• **Dataset content**:
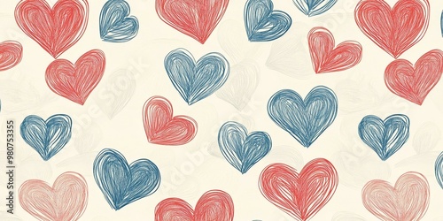 © Murda, Fototapeta premium Red and blue hearts on a white background.
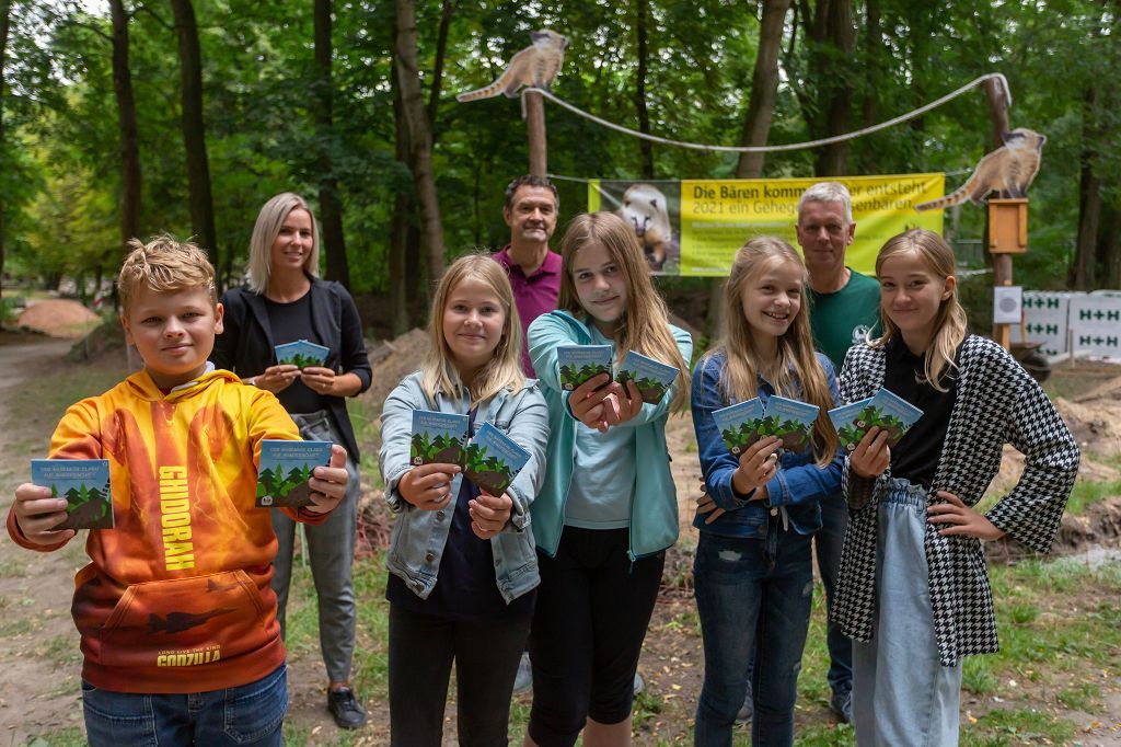 „Noch in diesem Jahr sollen die Tiere mit der rüsselartigen Nase in Rosengarten ankommen und heimisch werden“, freuen sich Wildparkchef Jochen Hanschel sowie Pia, Samia, Helene, Ruby und Carl. Gemeint sind damit natürlich die echten Nasenbären, denn auch das neue Gehege im Wildpark ist schon fast fertig. Die Schüler der Grundschule Mitte werden eine ganz besondere Beziehung zu den Tieren aufbauen, soviel ist sicher. Denn schon jetzt haben sie den Weg eines Nasenbären nach Frankfurt aufgeschrieben.
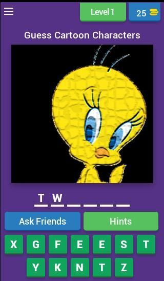 Lihatlah pic dan tebak KARTUN! Ini sederhana dan gratis untuk dimainkan dan sangat MENYENANGKAN! Game ini akan membawa Anda dalam perjalanan untuk memenuhi kartun terbaik dalam sejarah hiburan!
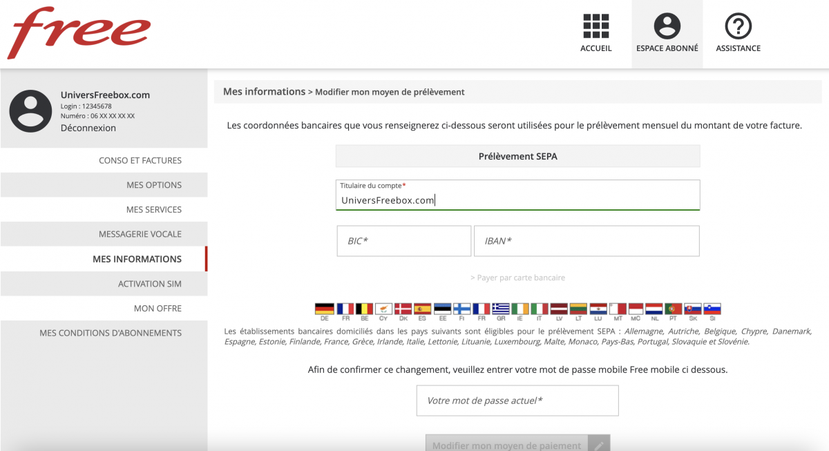 Free propose deux moyens de paiement, par carte bancaire ou par RIB. Pour pouvoir modifier son moyen de paiement cela est assez simple il suffit de se rendre sur son espace abonné mobile.free.re, puis ” Mes Informations” et ensuite “Mon Moyen de Paiement”.
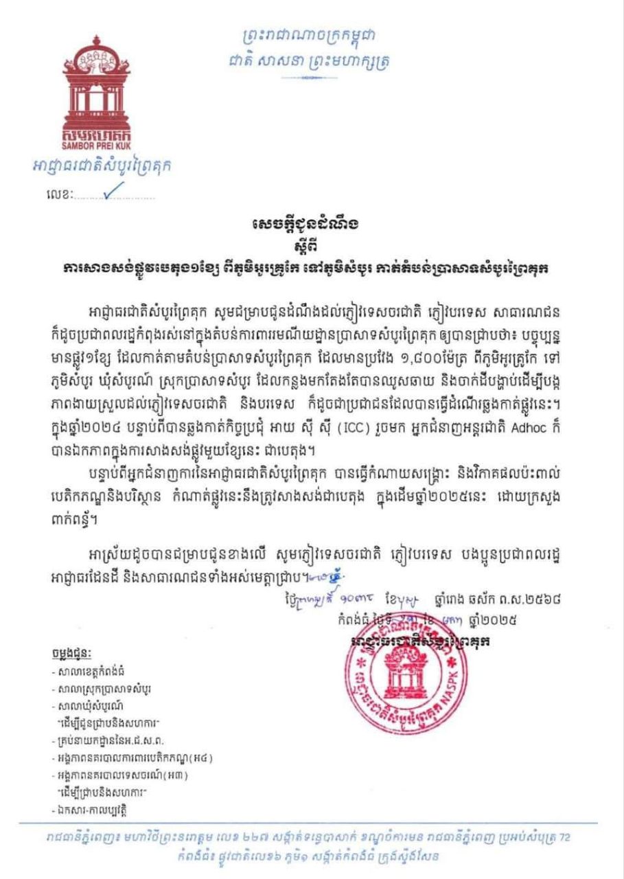 ✍ប្រជាពលរដ្ឋទទួលបានផ្លូវមួយខ្សែ នៅភូមិអូរគ្រូកែឆ្ពោះទៅភូមិសំបូរ ឃុំសំបូរ ស្រុកប្រាសាទសំបូរ ខេត្តកំពង់ធំ។ admin — 25/01/2025 in ព័ត៌មានថ្មីៗ 59 Likes 301 Views Share Tweet on Twitter Share on Facebook Google+ Pinterest
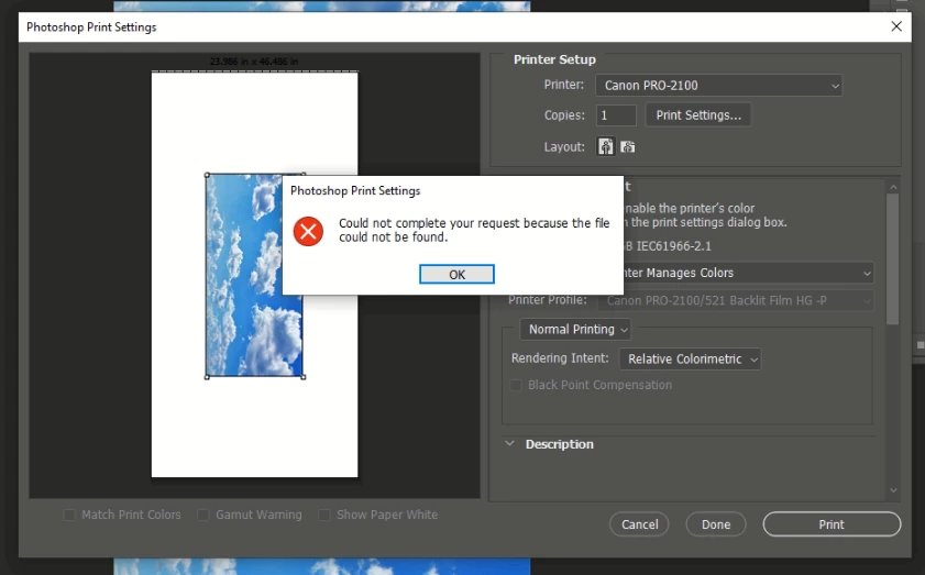 Photoshop Print Settings - Could not complete your request because the file could not be found.
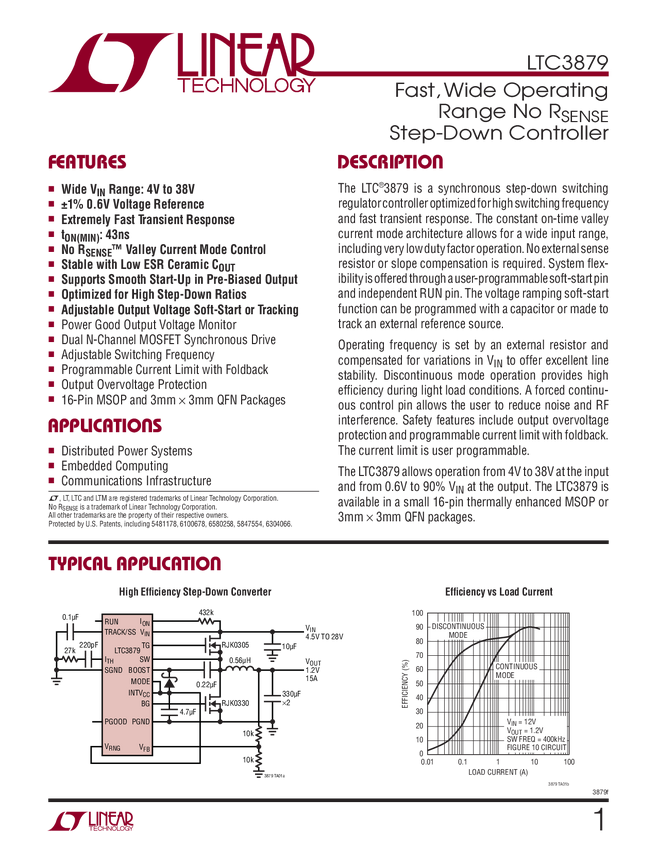 LTC3879 Fast, Wide Operating Range No R Step-Down Controller

• **Goal of the exercise**: All pictures are to be skipped. Output, word for word, the lines in the data above starting at the line containing "Free propose deux" and ending at the line containing "Facebook Google+ Pinterest".

• **Answer section**:
 Free propose deux moyens de paiement, par carte bancaire ou par RIB. Pour pouvoir modifier son moyen de paiement cela est assez simple il suffit de se rendre sur son espace abonné mobile.free.re, puis ” Mes Informations” et ensuite “Mon Moyen de Paiement”.
 ✍ប្រជាពលរដ្ឋទទួលបានផ្លូវមួយខ្សែ នៅភូមិអូរគ្រូកែឆ្ពោះទៅភូមិសំបូរ ឃុំសំបូរ ស្រុកប្រាសាទសំបូរ ខេត្តកំពង់ធំ។ admin — 25/01/2025 in ព័ត៌មានថ្មីៗ 59 Likes 301 Views Share Tweet on Twitter Share on Facebook Google+ Pinterest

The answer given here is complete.